- Problem details
The entries below contain pictures, which are to be left out; write out exactly, and only, the lines from the line with "vecchia lanterna a" up to and including the line with "公共工事の入札や、民間企業に".

- Dataset entries
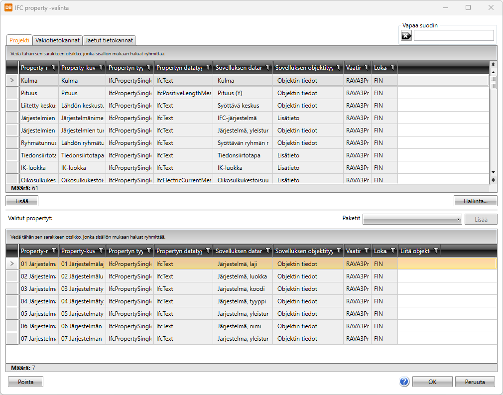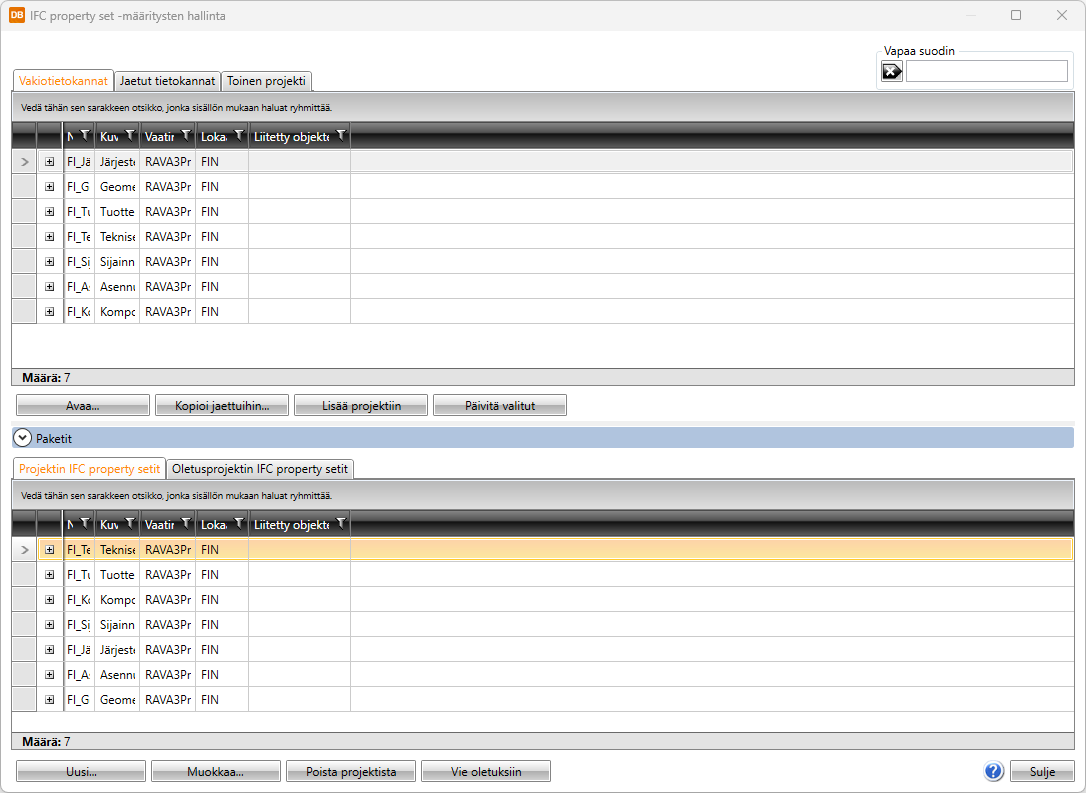 Dialogin alaosassa näytetään projektissa tällä hetkellä olevat property set -määritykset ja kaikille projekteille yhteiset property set -määritykset.
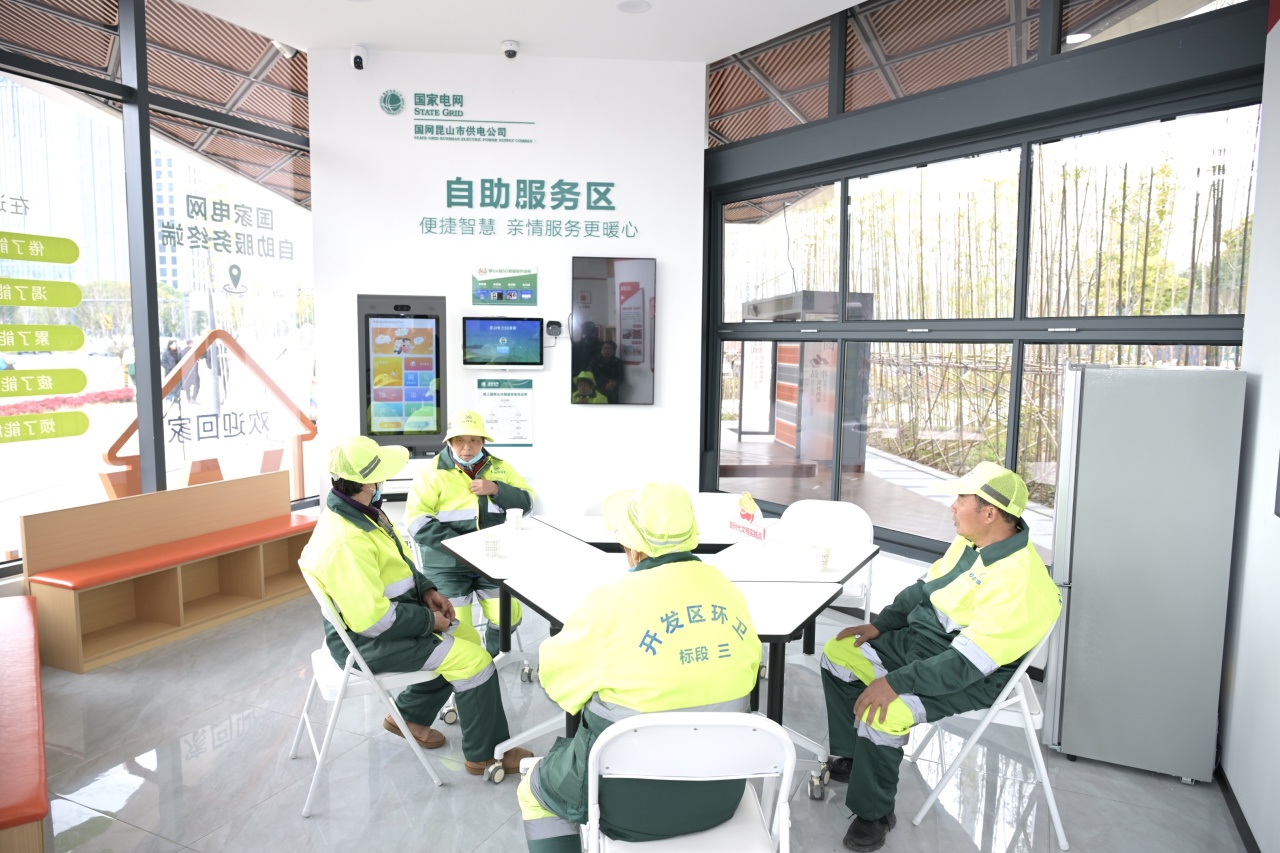 “爱心e站是专门为户外劳动者打造的暖心港湾,不仅提供冷热饮水、应急药箱等基础服务,还特别设置了国家电网5G客服自助服务终端,市民朋友可以通过5G客服进行用电咨询、电费缴纳等视频一对一自助服务。”国网江苏电力(昆山服务到家)共产党员服务队队员吕怡航介绍。
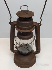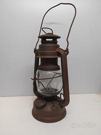 vecchia lanterna a petrolio vintage originale W.Germany funzionante, completa di vetro perfetto . altezza cm 25 (senza manico) è stata lasciata naturale , effetto corten, per libertà di trattamenti o colori di chi l' acquista.
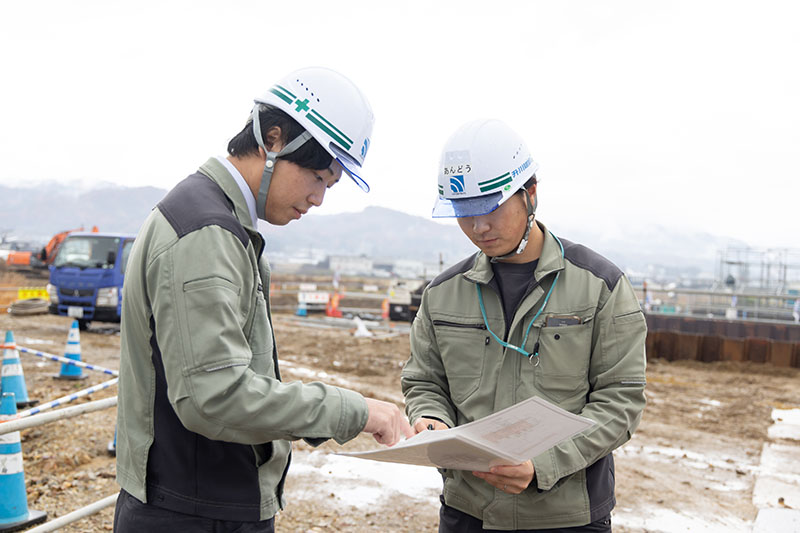 公共工事の入札や、民間企業に対する工事の受注活動を行います。決まったモノを売る営業ではなく、案件ごとにお客様の考えや課題を丁寧にヒアリングし、提案や交渉を重ねながら工事受注を目指します。お客様と会社をつなぐ架け橋として、社内外と連携しながらプロジェクトを進めていきます。受注後も、工事着工から完成後のメンテナンスまで継続的に関わり、長期的な信頼関係を築きながら、次の案件へとつなげていきます。自分が携わった仕事が形として残り、大きなやりがいを感じられる仕事です。
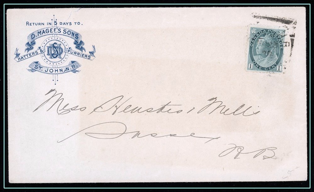 667 P o/CVR 75 Magee's Sons Hatters & Furriers St.John Advert in blue ST JOHN NO 23/98 N.B

- Finished exercise
 vecchia lanterna a petrolio vintage originale W.Germany funzionante, completa di vetro perfetto . altezza cm 25 (senza manico) è stata lasciata naturale , effetto corten, per libertà di trattamenti o colori di chi l' acquista.
 公共工事の入札や、民間企業に対する工事の受注活動を行います。決まったモノを売る営業ではなく、案件ごとにお客様の考えや課題を丁寧にヒアリングし、提案や交渉を重ねながら工事受注を目指します。お客様と会社をつなぐ架け橋として、社内外と連携しながらプロジェクトを進めていきます。受注後も、工事着工から完成後のメンテナンスまで継続的に関わり、長期的な信頼関係を築きながら、次の案件へとつなげていきます。自分が携わった仕事が形として残り、大きなやりがいを感じられる仕事です。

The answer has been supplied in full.